In a paper recently published in Environmental Science & Technology Letters, Dr Saer Samanipour of the Van 't Hoff Institute for Molecular Sciences (HIMS) reports on the chemical analysis of municipal wastewater as a predictor for population socioeconomics. The study attracted worldwide attention after an article in the Science & Technology section of The Economist.
Samanipour, who recently joined HIMS, performed the study together with colleagues at the Queensland Alliance for Environmental Health Sciences of the University of Queensland, Australia, where he holds an honorary research fellowship. By coinciding the sampling phase of the study with the 2016 Australian Census, the researchers were able to correlate the socioeconomic characteristics of Australian communities (following from the census) with sewage composition (following from chemical analysis).
The researchers collected samples from more than 100 sewage-treatment plants and analysed these for the occurrence of 'marker' chemicals such as nicotine, caffeine, amphetamine and many more. In total, they looked for 40 chemicals that revealed smoking habits, dietary characteristics and the use of drugs, antidepressants and antipsychotics.
The extensive chemical analysis of all samples, combined with advanced data analysis, led to the conclusion that the chemical 'fingerprint' of sewage is a quite accurate predictor of the demographic make-up of the community connected to the sewage plant. The researchers developed a model based on their results and tested this with data from nine sewage plants not included in the initial analysis. For the communities around these plants, they were able to estimate key data on education, occupation, income, social life, housing and more within a 25% error margin. They were able to make quite specific predictions ranging from the number of people that had finished secondary school to the number of single parents and car owners.
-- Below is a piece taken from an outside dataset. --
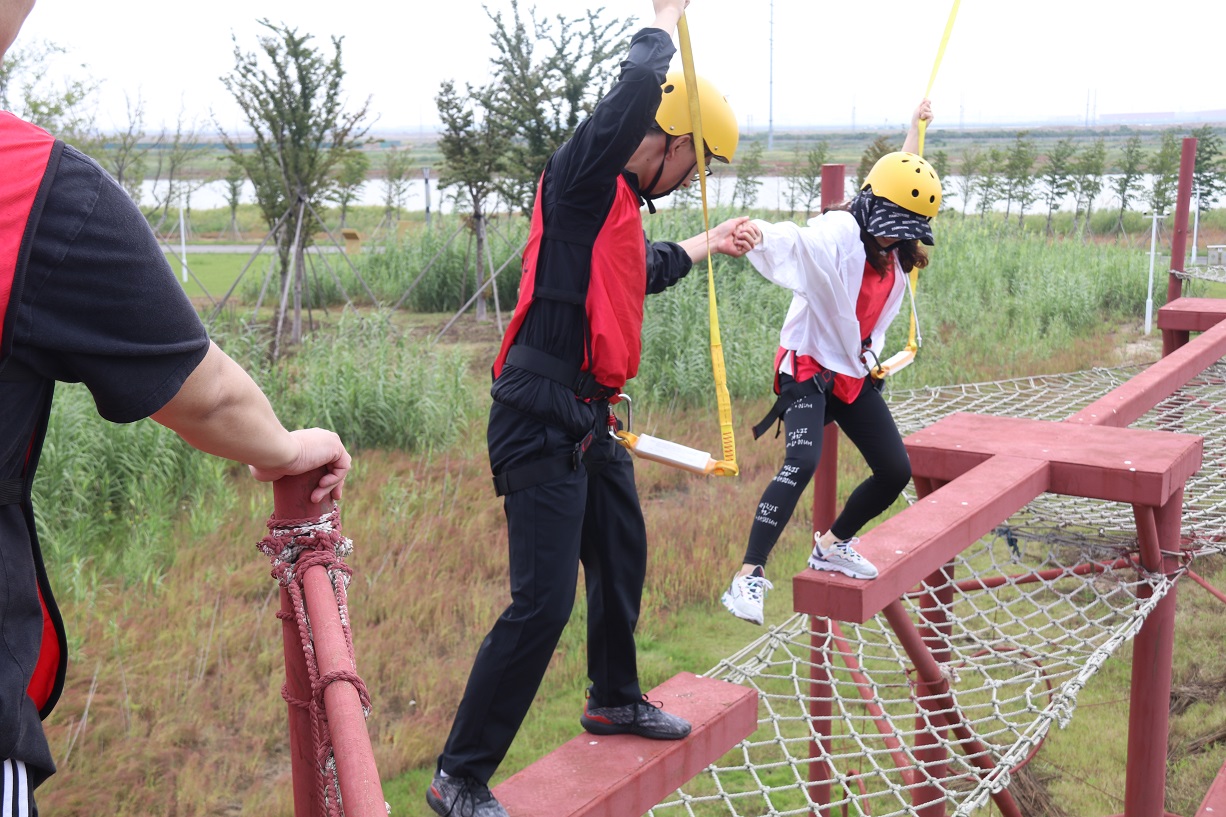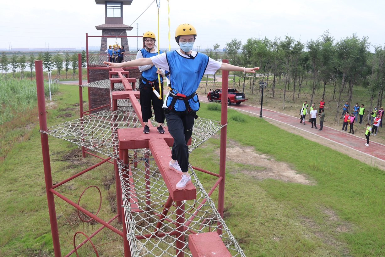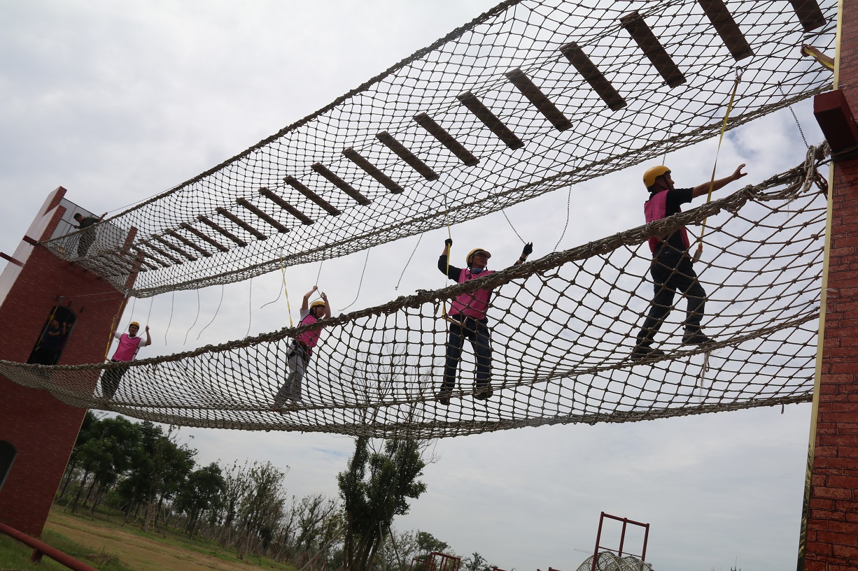 接著,四個小組先后體驗了“強(qiáng)渡大渡河”、“飛奪瀘定橋”等紅色實景教育項目,使廣大職工體會到當(dāng)年紅軍長征的艱苦環(huán)境,感受了重走長征路的氛圍,增進(jìn)了職工之間的團(tuán)隊友誼、鍛煉了隊員勇于挑戰(zhàn)的堅強(qiáng)意志。

The researchers conclude that wastewater analysis can be a valuable technique for assessing population socioeconomics, complementary to the vastly more expensive and logistically challenging method of a census.
As an assistant professor at HIMS, Samanipour focuses on the application of advanced statistical tools (including AI and machine learning), signal processing, and high-resolution mass spectrometry (HRMS) for the analysis of complex samples from different sources (from environmental to biological).
Analysis of wastewater gives exclusive access to chemical exposure, consumption habits, and the health status of a population. Samanipour will take advantage of this information-rich matrix (i.e. wastewater) in combination with computational mass spectrometry and advanced statistics to identify novel biomarkers associated with specific health disorders. These efforts are part of several ongoing projects with the University of Queensland (AU) and will be expanded and applied to Dutch cases through future collaborations with the Institute for Biodiversity and Ecosystem Dynamics (IBED, UvA) and the KWR water research institute (Nieuwegein).
Phil M. Choi, Jake W. O’Brien, Ben J. Tscharke, Jochen F. Mueller, Kevin V. Thomas, and Saer Samanipour: Population Socioeconomics Predicted Using Wastewater. Environ. Sci. Technol. Lett. 2020, published online 26 June. DOI: 10.1021/acs.estlett.0c00392
The Economist, 18 July 2020: Analysing waste water may assist census takers.